Work task: Copy out each entry below verbatim, skipping the images.

Data for the task Block Start

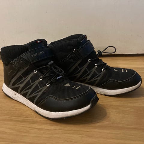 Myydään mustat Viking goretex välikausikengät, koko 37. Siistit ja ehjät, toisen kengän kärjessä rispaumaa, jonka päälle laitettu tekstiilitarra. Lemmikitön savuton talous.
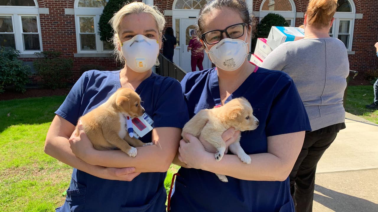 ManorCare nursing home residents were able to enjoy the cuteness of the Shrimp puppies through their windows. The puppies are the "spokesdogs" for the Providence Animal Center's #socialdistancing shirt campaign, which is a fundraiser to support their lifesaving operations during the COVID-19 shutdown.
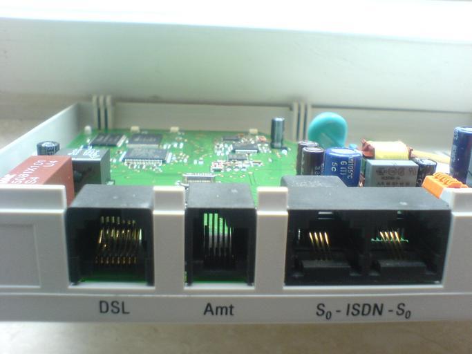 | Keywords: Anschlüsse für DSL, Amt und ISDN.JPG Anschlüsse für DSL Amt und S<sub>0</sub> ”ISDN ”S<sub>0</sub> an einem Sphairon-DSL-Splitter NT 1 Plus-Arcor Bj ca 2006 own 2008 User Mattes DSL splitters Work by Mattes 2008 Modular connectors Arcor User Mattes/Contributions/Topics/Technology Sphairon Taken with Sony Ericsson W810 |
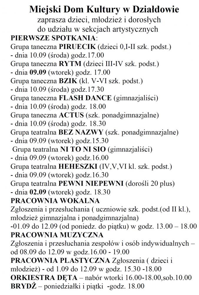 Miejski Dom Kultury w Działdowie zaprasza dzieci, młodzież i dorosłych do udziału w sekcjach artystycznych
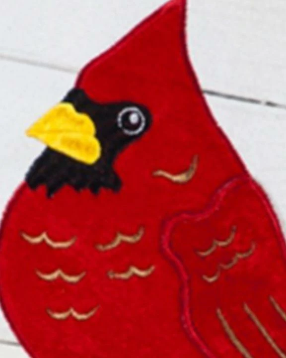 “Cardinals Appear When Angels Are Near” is the message printed on this beautiful winter cardinal house flag with lettering that reads correctly from both sides. The bright, red cardinal is appliqued and embroidered onto the linen-textured background material that is printed with a distressed, whitewashed, shiplap image that makes the redbird stand out beautifully. Perfect for Christmas or even for the entire winter season. Made for outdoor use, but looks great inside as well.
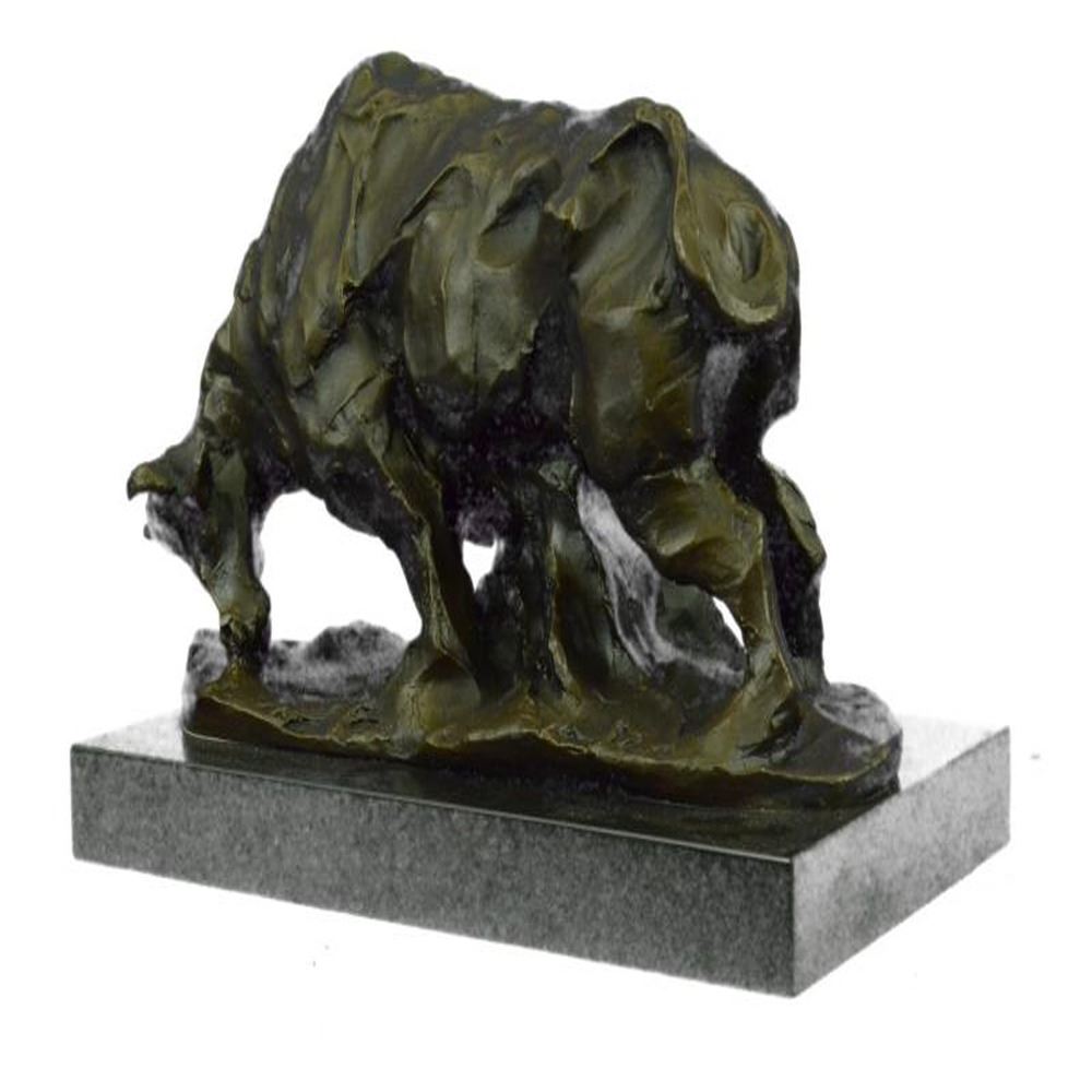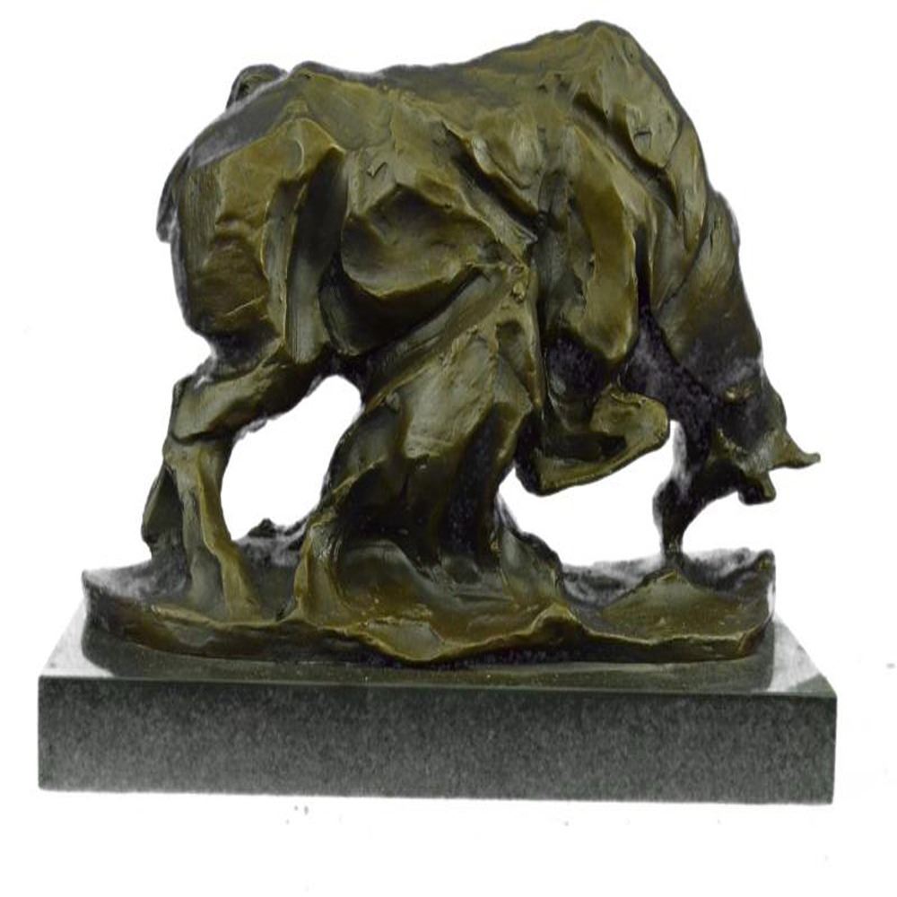 This magnificent modern and abstract Sculpture is of a charging bull. With his head down, his nostrils flared and his muscles tightened he rears up to stomp the ground before him, releasing a vibrating grunt, he makes his presence known. All he sees now is red and he is raging angry, his horns are sharp and solid and he prepares to charge his nemesis and take him down. He is an extremely muscular and dense creature, thick rolls of muscle curl around his neck for protection, he was made for these sorts of confrontations of physical strength. His tail curls up in a swift motion and off he goes, frozen in his pose and replicated in a true masterpiece of Bronze artwork. This modern and abstract piece is perfect for a modern-based theme. This Bronze Sculpture has a two-tone brown patina and is cast using the ancient Lost Wax Method and resting on a marble base. Dimensions: Height 9 X Width 12 inches. Weight: 20 LBS.
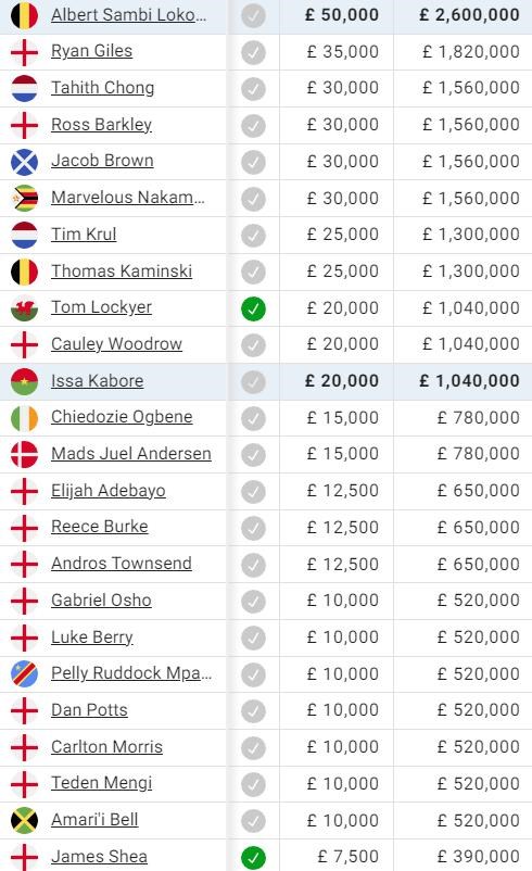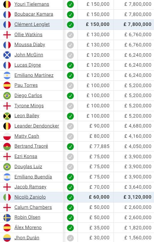 Vpredu sa drží trojica Tielemans, Kamara a Lenglet, ale nad 100-tisíc libier sa drží ďalších deväť hráčov, vrátane vo výbornej forme hrajúceho Watkinsa, ktorý s Villans podpísal pred pár dňami nový kontrakt.
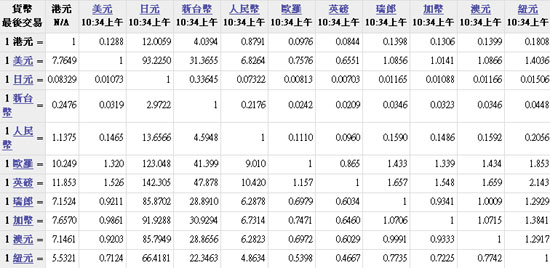 主要货币汇率
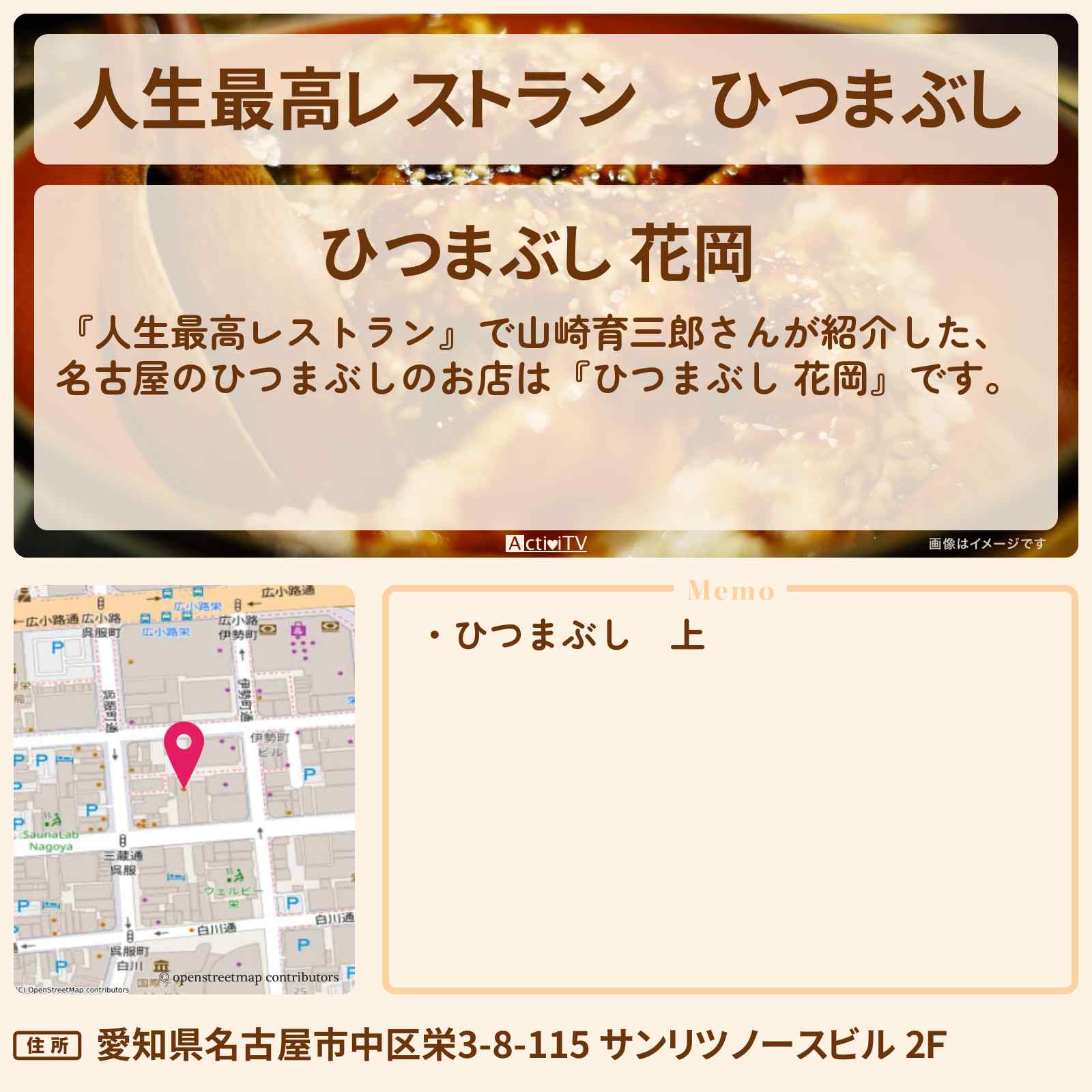 放送の【人生最高レストラン】で山崎育三郎さんが紹介した、名古屋のひつまぶしのお店は『ひつまぶし 花岡』です。

Data for the task Block End

Answer to this task:
 Myydään mustat Viking goretex välikausikengät, koko 37. Siistit ja ehjät, toisen kengän kärjessä rispaumaa, jonka päälle laitettu tekstiilitarra. Lemmikitön savuton talous.
 ManorCare nursing home residents were able to enjoy the cuteness of the Shrimp puppies through their windows. The puppies are the "spokesdogs" for the Providence Animal Center's #socialdistancing shirt campaign, which is a fundraiser to support their lifesaving operations during the COVID-19 shutdown.
 | Keywords: Anschlüsse für DSL, Amt und ISDN.JPG Anschlüsse für DSL Amt und S<sub>0</sub> ”ISDN ”S<sub>0</sub> an einem Sphairon-DSL-Splitter NT 1 Plus-Arcor Bj ca 2006 own 2008 User Mattes DSL splitters Work by Mattes 2008 Modular connectors Arcor User Mattes/Contributions/Topics/Technology Sphairon Taken with Sony Ericsson W810 |
 Miejski Dom Kultury w Działdowie zaprasza dzieci, młodzież i dorosłych do udziału w sekcjach artystycznych
 “Cardinals Appear When Angels Are Near” is the message printed on this beautiful winter cardinal house flag with lettering that reads correctly from both sides. The bright, red cardinal is appliqued and embroidered onto the linen-textured background material that is printed with a distressed, whitewashed, shiplap image that makes the redbird stand out beautifully. Perfect for Christmas or even for the entire winter season. Made for outdoor use, but looks great inside as well.
 This magnificent modern and abstract Sculpture is of a charging bull. With his head down, his nostrils flared and his muscles tightened he rears up to stomp the ground before him, releasing a vibrating grunt, he makes his presence known. All he sees now is red and he is raging angry, his horns are sharp and solid and he prepares to charge his nemesis and take him down. He is an extremely muscular and dense creature, thick rolls of muscle curl around his neck for protection, he was made for these sorts of confrontations of physical strength. His tail curls up in a swift motion and off he goes, frozen in his pose and replicated in a true masterpiece of Bronze artwork. This modern and abstract piece is perfect for a modern-based theme. This Bronze Sculpture has a two-tone brown patina and is cast using the ancient Lost Wax Method and resting on a marble base. Dimensions: Height 9 X Width 12 inches. Weight: 20 LBS.
 Vpredu sa drží trojica Tielemans, Kamara a Lenglet, ale nad 100-tisíc libier sa drží ďalších deväť hráčov, vrátane vo výbornej forme hrajúceho Watkinsa, ktorý s Villans podpísal pred pár dňami nový kontrakt.
 主要货币汇率
 放送の【人生最高レストラン】で山崎育三郎さんが紹介した、名古屋のひつまぶしのお店は『ひつまぶし 花岡』です。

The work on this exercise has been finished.